Taking Charge of My Own Metamorphosis by Marian Giannatti

The plot of The Princess and the Golden Ball – of  a young girl forced to honor and submit to her own promises, the admonitions of her father, and of the social mores of the time – reminds me of the woman who raised me. My mother married at the age of 15, at a time when a Catholic girl would not submit to sex before marriage. She became a wife, and soon after, a mother. These were choices she wished she had never made and she rebelled. Perhaps she threw the proverbial frog against the wall, but it never transformed into a handsome prince and she never had the “happily ever after.” What she had was adult responsibilities for which she was ill-prepared and would not have chosen, if she felt that she had different choices to make. 

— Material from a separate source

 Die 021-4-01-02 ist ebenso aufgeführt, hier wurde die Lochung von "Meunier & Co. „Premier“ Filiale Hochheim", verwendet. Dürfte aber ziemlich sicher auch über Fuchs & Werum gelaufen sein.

She was a woman trapped by social circumstances, immature and rebelling against her own reality; she didn’t see or care to find the reality of the grown-up world. She didn’t morph into the mother capable of nurturing and responding to the needs of young children. I grew up in the “do as your told, do the right thing, don’t disappoint, don’t ever break a promise,” world. I can also relate to the girl in the tale. The adults who were supposed to nurture me never evolved into a form that looked beyond the obvious to see the potential in those around them. They didn’t teach me practical life skills, and not much about sexuality beyond biology. I took charge of my own metamorphosis.

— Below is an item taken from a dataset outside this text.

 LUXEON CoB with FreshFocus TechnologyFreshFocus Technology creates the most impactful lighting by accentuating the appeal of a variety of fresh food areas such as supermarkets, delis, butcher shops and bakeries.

I have been walking a path of forgiveness for some time. If you have ever walked that path, you know that it is often steep and strewn with boulders which must be climbed over or traveled around. It is however, a path worth taking. It opens the way for other possibilities, and metamorphosis based on choice.

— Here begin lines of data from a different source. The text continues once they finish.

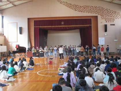 上の写真は6年3組のリコーダーで、曲は「あおげばとうとし」「もののけ姫」です。
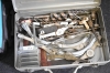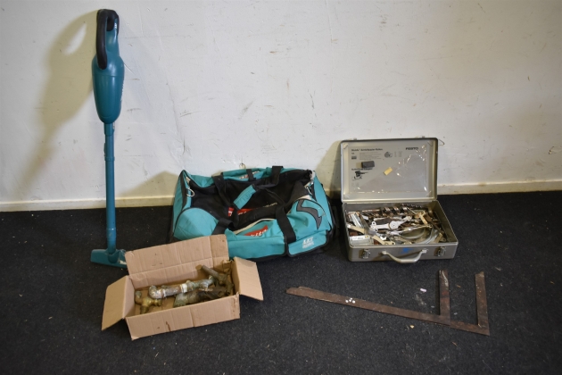 16372. Parti bla väska Makita, plåtväska med diverse verktyg och borr, högsta höjd 95 cm. Dammsugare saknar batteri, ej testad
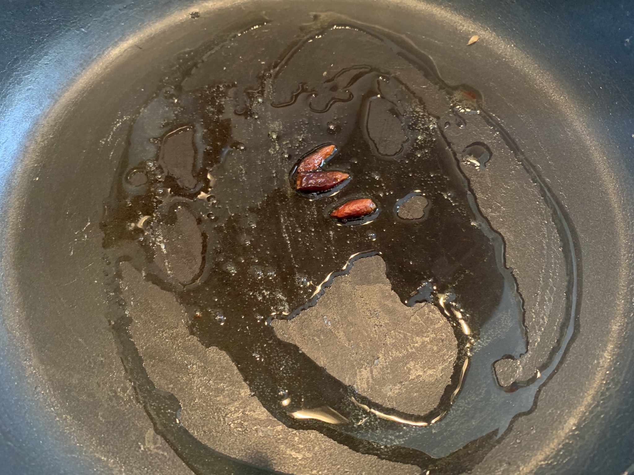 Ponemos un hilillo de aceite a calentar a fuego medio en una sartén amplia. Incorporamos las guindillas y/o el ajo si decidimos incluirlos – muy recomendable!
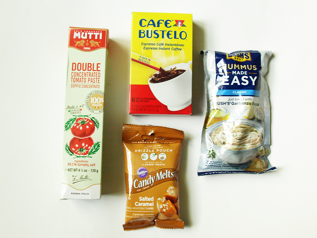 - Wilton Candy Melts in Salted Caramel ($1.99) – I love salted caramel so much! This is a neat little pouch filled with chips that you microwave then drizzle over whatever you want. I’m saving it to use on ice cream.
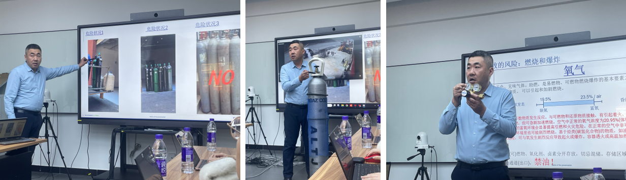 庞天森工程师还结合《气瓶安全技术规程》等国家法规标准,明确了气瓶接收检查、搬运存放、泄漏检测等操作要点。他强调气瓶需按性质分类存放,易燃与助燃气体间距不小于5 米,使用时必须直立固定,现场示范减压表的安装及注意事项,杜瓦桶定期开展桶体(每三年一检)、安全阀(每年一检)、压力表(每6个月一检)等附件检验,严禁使用淘汰瓶帽及不合格设备。培训过程中,参训师生结合实验室日常操作中的实际问题积极提问,庞天森工程师逐一耐心解答,通过互动交流进一步强化了安全认知。

Much like the girl in the tale, I threw the “rules and constraints, and much of the ugliness” against the wall, so to speak. Through introspective self-analysis and just plain hard work, I altered my reality. I focused on the metamorphosis of adult responsibility and the nurturance and care for others. I falter at times, I find myself back in the pond, looking at the innocence of a golden ball and all of the potential not yet realized, but my legs are strong and my heart beats a tempo of determination for the reality I seek. No iron bands needed. Loyalty to oneself is important, just as our young heroine demonstrated.